Unlock stock picks and a broker-level newsfeed that powers Wall Street.

2 Mortgage & Related Services Stocks to Watch Despite Industry Woes

The Zacks Mortgage & Related Services industry continues to be hurt by the uncertainty in the mortgage market due to several evolving macroeconomic factors. Given the relatively higher mortgage rates, the origination volume and refinance activity are not expected to witness significant growth.

Amid the ongoing economic headwinds, diversified business operations and favorable scenarios for the servicing segment will likely help industry players like Lending Tree, Inc. TREE and Rocket Companies Inc. RKT.

Industry Description

The Zacks Mortgage & Related Services industry comprises providers of mortgage-related loans, refinancing and other loan-servicing facilities. Numerous banks have been retreating from the mortgage business due to higher compliance and capital requirements. This allowed non-banks to increase their capacity to gain market share in the mortgage loans business, which accounts for the largest class of U.S. consumer debt. Players in the industry are dependent on the interest rates determined by the Federal Reserve, as prevailing rates influence customers' decisions to apply for mortgages. The companies also generate investment income from several financial assets, such as residential or commercial mortgage-backed securities and asset-backed securities. The firms make equity investments in mortgage-related entities, among others.
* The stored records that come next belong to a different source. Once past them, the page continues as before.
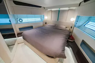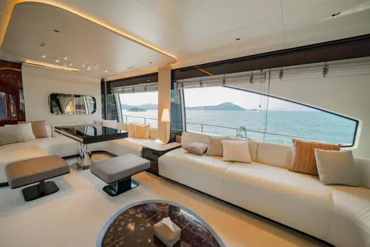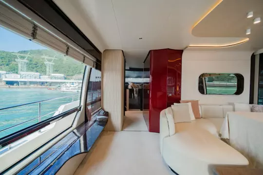 The interior features light cream-colored furnishings complemented by vivid red accents, creating a lively and harmonious atmosphere. The design incorporates bullnose (rounded) corners on walls and pillars, enhancing the yacht's refined and stylish appearance. The spacious saloon provides ample living space, accompanied by a dining area capable of seating eight guests. The four cabins, located on the lower deck, are generously sized ensuite bedrooms that can accommodate a total of nine guests.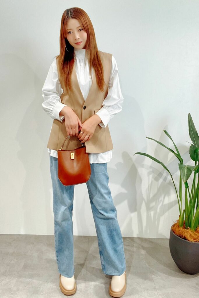 今日はベージュの気分でアンクリードの白ブラウスにジレを合わせて、パンツはワイドめな明るいジーンズとベージュブーツでカジュアルな気分でコーデしてみました。今の季節にぴったりですし、今お得に買えるのでぜひチェックしてみてください。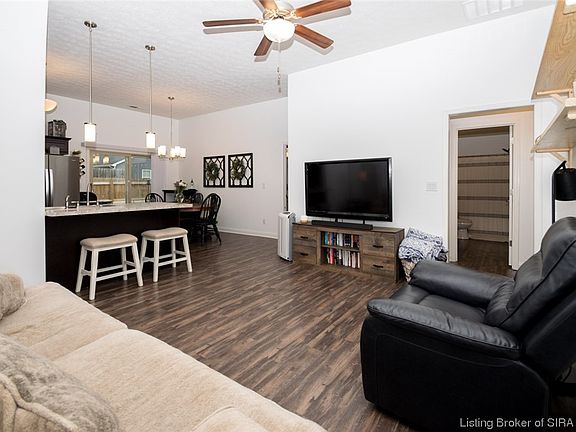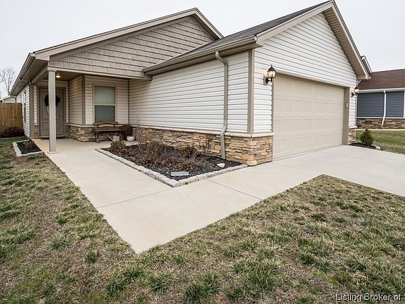 Welcome home! Built in 2021, this open concept 3 bedroom 2 bath home has so much to offer! As soon as you walk in, you'll love the spacious great room that opens to the kitchen which includes a bar and plenty of cabinets. Includes stainless refrigerator, dishwasher, range and microwave. Washer and dryer also stay! Master suite includes private bath with double vanity and walk-in closet. Enjoy the back patio complete with a full privacy fence, and upgraded fresh paint throughout the whole home. Close to everything! The Stacy Springs neighborhood is only 4 miles to I-265 and 5 miles to the new East End bridge! The brand new Jeffersonville Commons Kroger is only 5 miles away, along with all of the new shops and restaurants that Jeffersonville now offers! Call for your private showing before this gem is gone.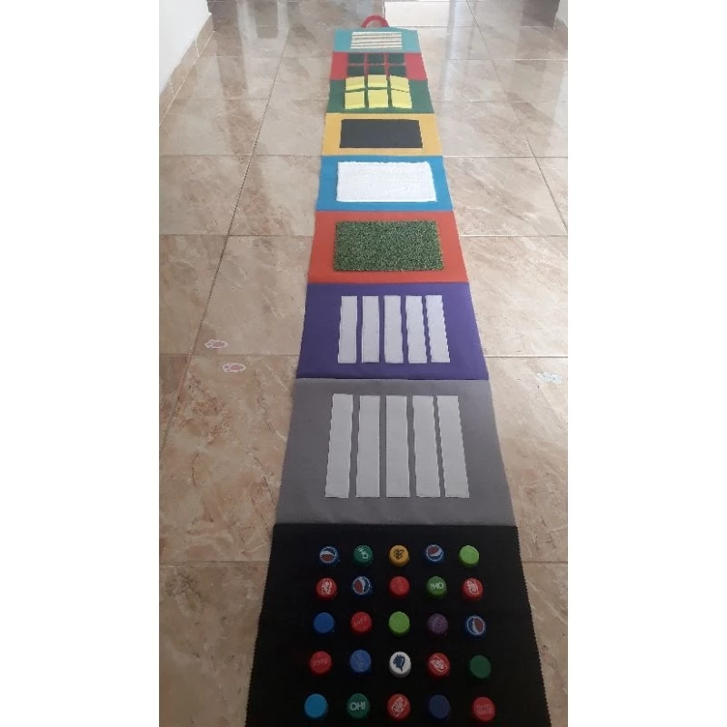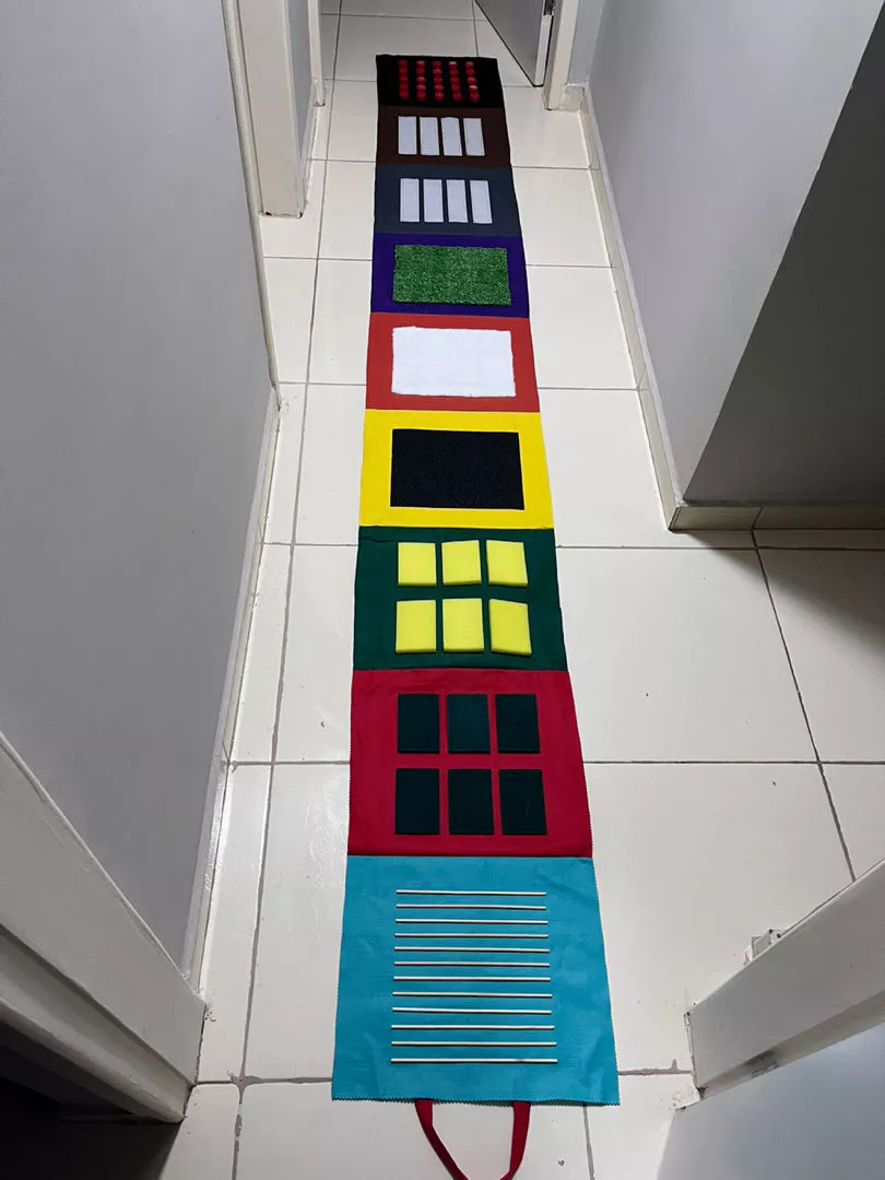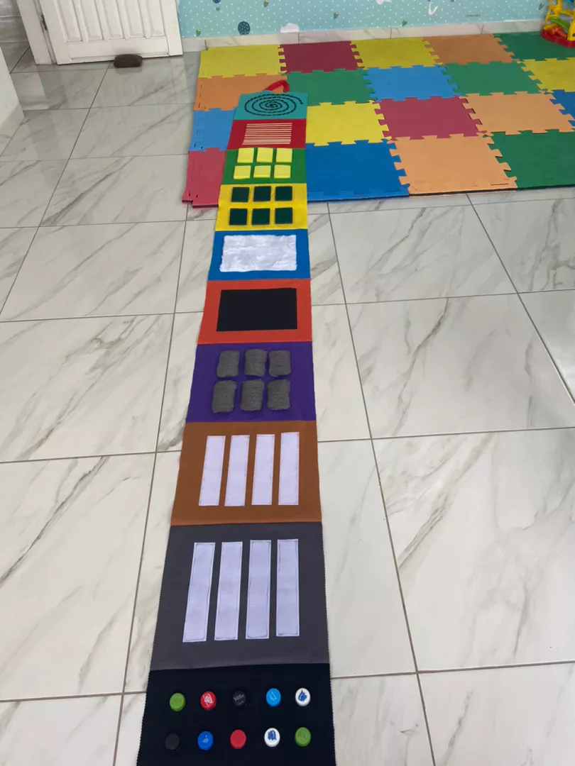 O tapete sensorial com texturas é um recurso pedagógico que combina ludicidade, estimulação tátil e inclusão. Ele é composto por retângulos de 30x35cm com diferentes materiais, cada um oferecendo uma experiência sensorial única. Esses retângulos podem ser organizados em sequências de 5, 7 ou 9 peças, e vêm unidos por uma base resistente, fácil de enrolar e transportar graças à alça integrada.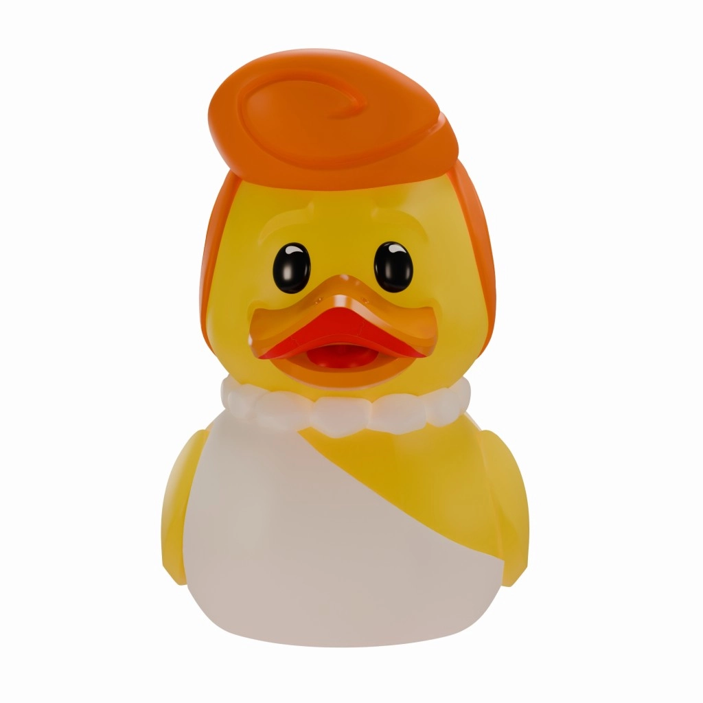 Plutajuća gumena patkica s glatkom površinom idealna je za vodu, a u vitrini se ističe zahvaljujući živim bojama i čistim linijama.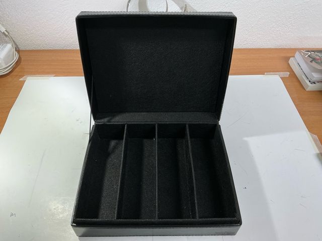 Detalles del productoEstuche negro con compartimentos para organizar cápsulas de monedas. Medidas. Ancho 22,5. Alto 7,5 fondo 17,5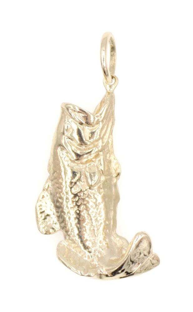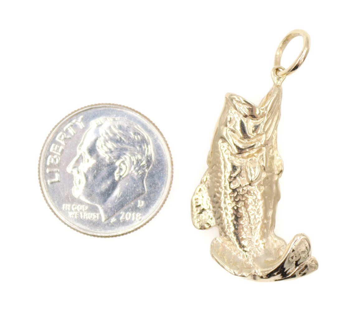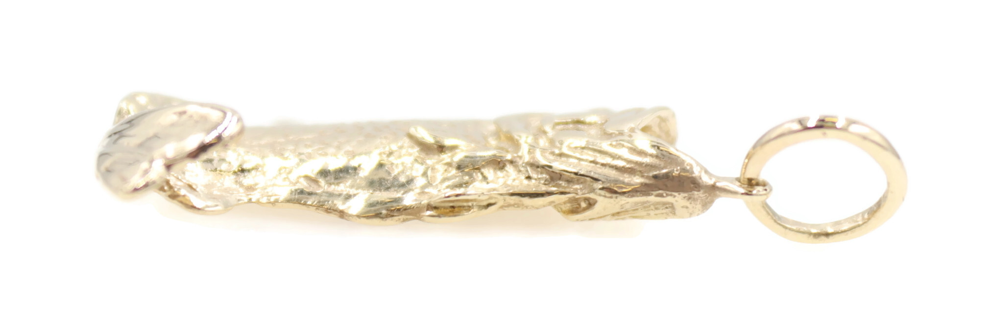 Classic High Shine 10KT Yellow Gold Detailed Bass Fish Necklace Pendant 34.1mm. This pendant is approximately 34.1mm in length (including the bail) and 15.3mm in width.

3 Mortgage & Related Services Industry Trends to Watch

Relatively High Mortgage Rates Keep Homebuyers on the Sidelines: Mortgage rates have been witnessing a slight decline lately, but have been range-bound in a narrow mid-6% band. This is due to the uncertainty surrounding the Trump administration’s tariff policies and the expectation of an economic slowdown. Due to relatively higher rates and a persistent supply shortage, affordability hurdles still exist for many homebuyers, thus keeping them on the sidelines. This continues to affect mortgage demand, origination and refinancing.

Mortgage rates are expected to remain relatively high in the near term. Given this, mortgage originations and refinancing activities will not witness significant growth. This will increase operational and financial challenges for originators, and reduce the gain on sale margin and investment activities, hurting industry players' top-line growth.

Competition Picks Up: Per an MBA forecast, U.S. single-family mortgage debt outstanding is expected to see an increasing trend in the upcoming years. This is anticipated to be primarily driven by house price appreciation. While this typically results in growth of the single-family mortgage portfolio for industry players, the competitive landscape of the mortgage services industry is likely to be a deterrent. With tighter margins and high competition, many originators may struggle to be profitable in the upcoming period.